As of now, I'm also curious to get TMRE to see if and to which degree Mysteries exist that allow mages to get even more in attunement with the Magical Realm than the Gift allows: a magical Becoming, so to speak (yes, I know Final Twilight in all likelihhod does it; the point is doing it in a controlled way, just like Bjornaer do with the Inner Heartbeast). The comparison would be enlightening also for fearie mysteries, i think.

Apparently you know more about this than I do. Where is it described just how to 'experiment to create a new Script', as mentioned in MC p.4? Not in MC p.4f. And that's the only place in MC where to expect it with reason. Did I just get an anticipation of TMRE by a playtester? :confused:

Kind regards,


"Varying the Script" is at the bottom of page 4. I don't think he really meant experimenting as the term is used in the lab rules.
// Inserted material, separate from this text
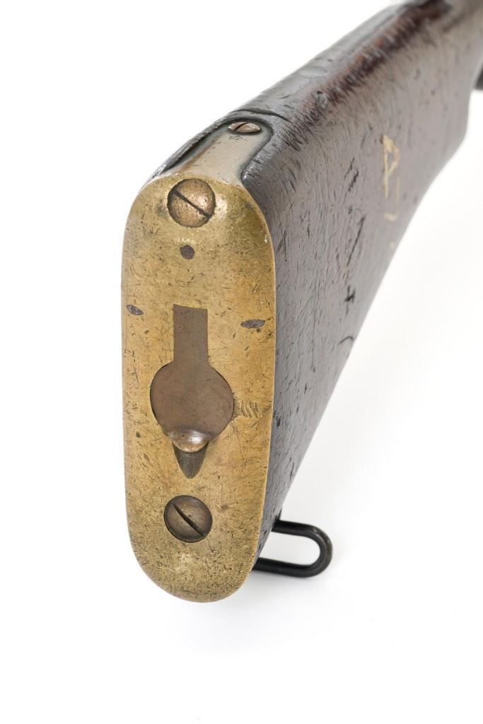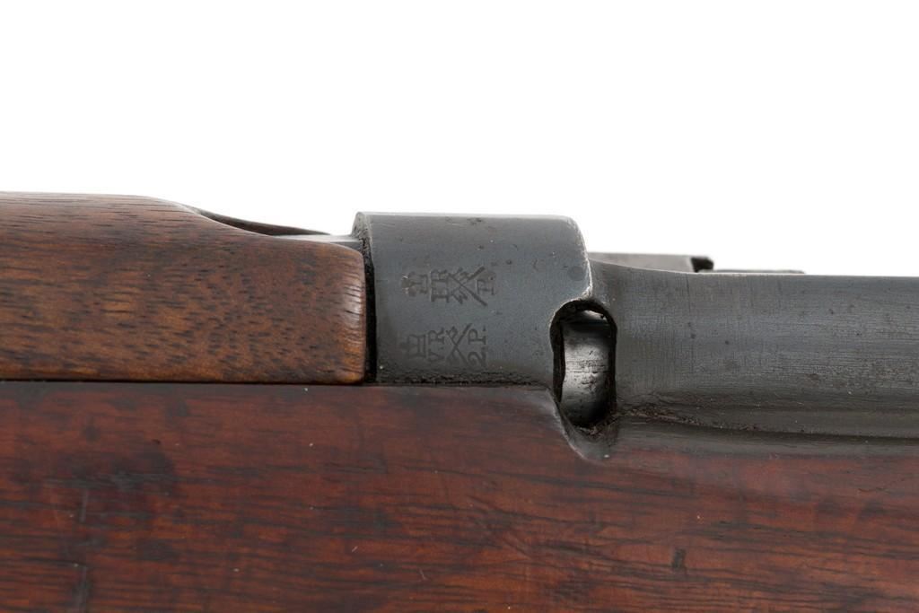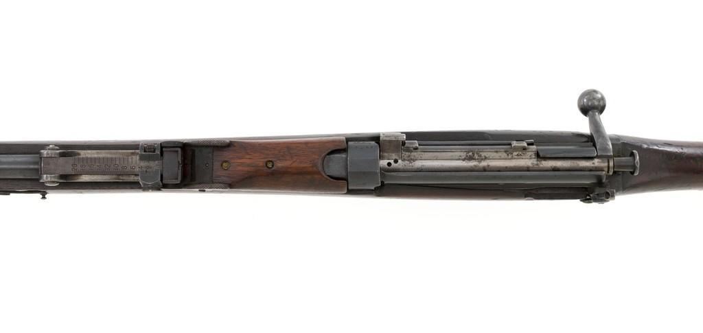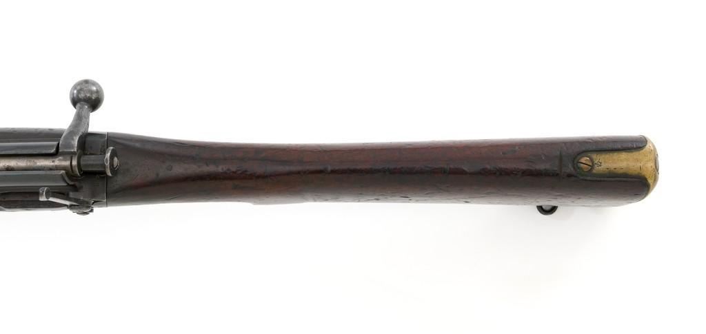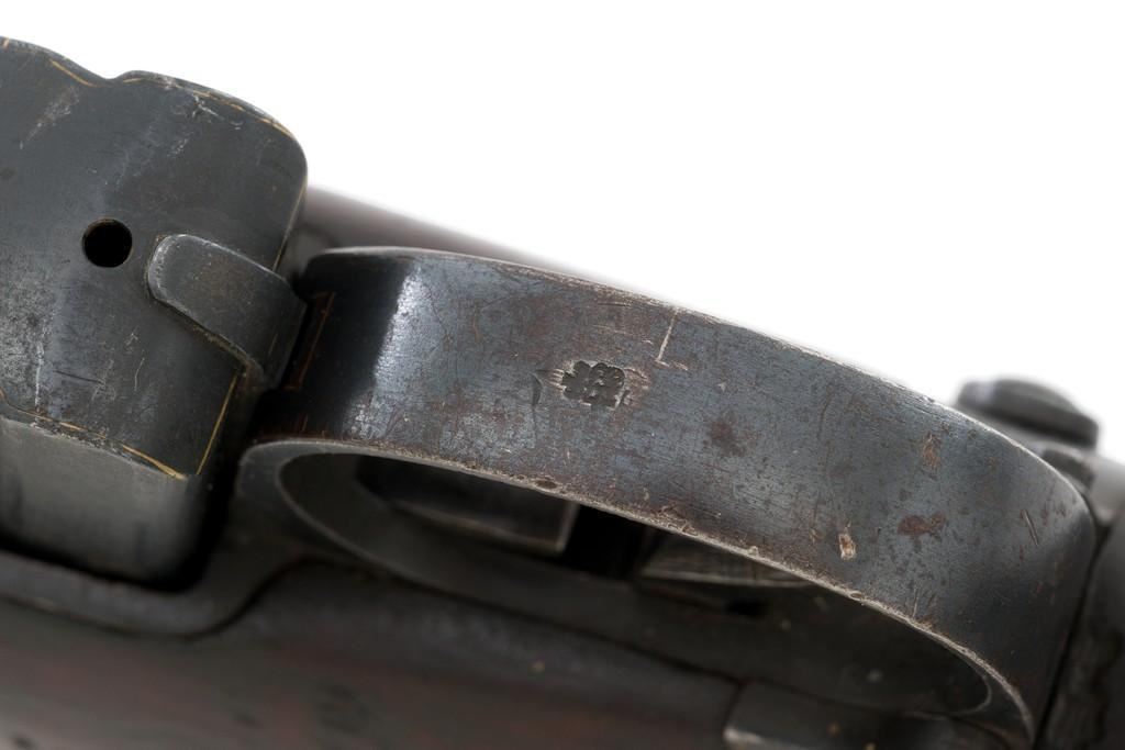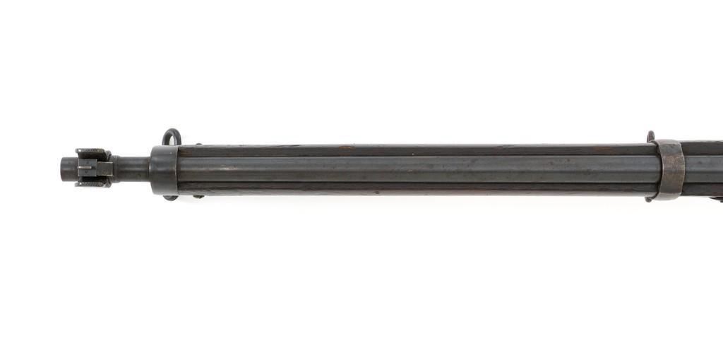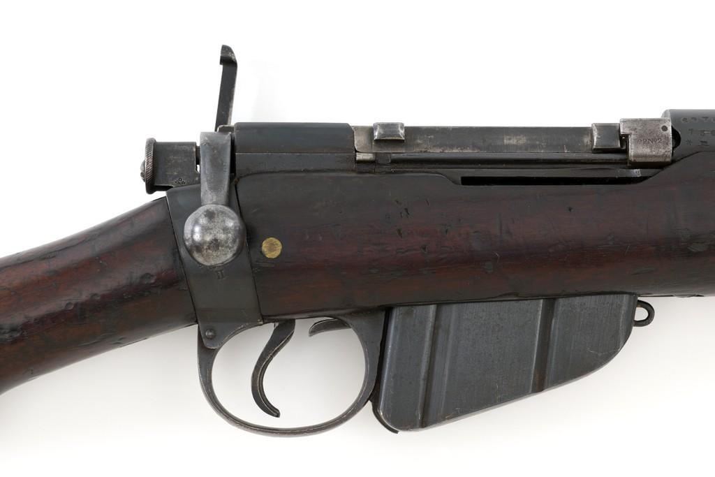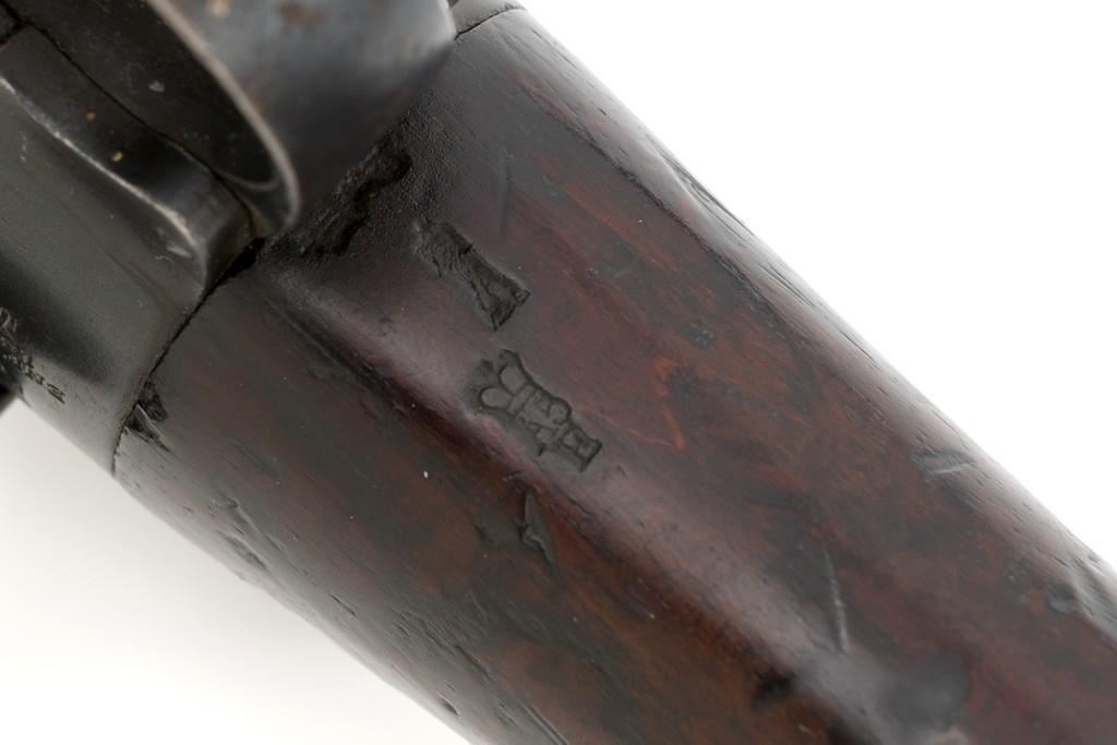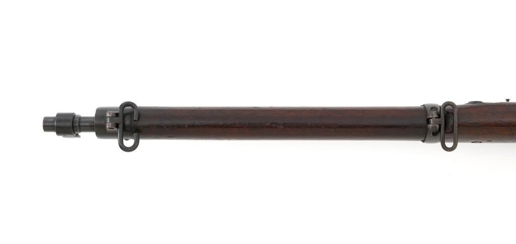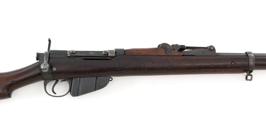 Rare British Royal Navy .22 Short Mk II Lee Enfield Bolt Action Training Rifle, #6978,.22 LR cal., 25.2'' barrel, blued finish, walnut stock set and handguard, blade front sight with rounded protectors, and tangent rear sight adjustable for windage and elevation, graduated to 2000 yards. Rifle was converted from a Mark II Lee Metford and is marked with original ''(Crown)/V.R./ENFIELD./1894/II.'' on right side of the action body and with ''ENFIELD/1912/SHT 22/II'' conversion markings on the left side below an ''N'' Naval property stamp. There are Victorian and Edwardian proof stamps on the receiver ring. There is a barred out ''RM SPARKBROOK/1.*'' roundel stamped on right side of the buttstock. Bolt does not match. Rifle retains early features including handguard with attached sight protectors, long range aperture sight and dial plate, early magazine assembly, bolt body with hooks, groove for steel dustcover, buttstock with long buttplate tang, and single point rear sling swivel. Condition overall is very good, retaining approx. 85% blue, showing wear, and toning with spots of patina to the bolt body. Wood is good with numerous impressions and handling marks scattered throughout. There is a white painted ''47'' rack number on right side of the buttstock. Action operates smoothly. Bore rates fair to poor with old pitting and visible rifling. A rare rifle as approximately 1,000 were produced, per ''THE LEE ENFIELD'' by Ian Skennerton, 2007 by Arms & Militaria Press. Est.:$1,000-$1,500. (Antique)

If that only was true :astonished:. Don't you think that if it were the case, I wouldn't make such a public pest of myself harassing developer and authors for a quick release of TMRE and hints about its systems ?? No, it's just that I have made a thorough job of piecing together the hints in HoH:MC, here, and in the Berklist. You see, according to what I've understood, you may Initiate a Mystery Virtue in three ways:

a) the usual way, a Mystagogue that owns said Virtue leads you through the Initiation process; you may ask him for one variation in the Initiation, such as changing a Quest, or an Ordeal, if you find them impossible or too much of a burden to you. Details of the roll to make the variation are in HoH:MC.

b) you self-initiate (act as your own Mystagogue) but follow a standard Iniitation Script: they are written texts, similar to lab texts, as much as I understand it, so you may acquire one. You may change one compoenent of the Script, as above. The Initiation is more difficult, since you don't have the Virtue. Ease factors are in HoH:MC.
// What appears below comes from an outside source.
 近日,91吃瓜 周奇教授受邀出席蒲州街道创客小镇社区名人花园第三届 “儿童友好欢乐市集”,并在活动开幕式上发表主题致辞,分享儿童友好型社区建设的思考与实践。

c) you experiment to create a completely different Script: this is the way new Scripts for new Mystery Virtues are created, or a competely different process to Initiate an outstanding Virtue. HoH:MC only states that "experimentation" is needed, but doesn't give any detail about the process: it may be similar to creating a new spell, or to making a degree (which one ?) of original research breakthrough.

We know that NPC Merinita magi (Quendalon, Ambrosius, Pendule, and Merinita herself) have been able to create at least 3-4 wholly new Scripts all by themselves, so it shouldn't be earthshakingly difficult, and House Mysteries have accumulated hefty portfolios of varying Scripts, so likely it's more akin to creating a new spell, or making a minor breakthrough.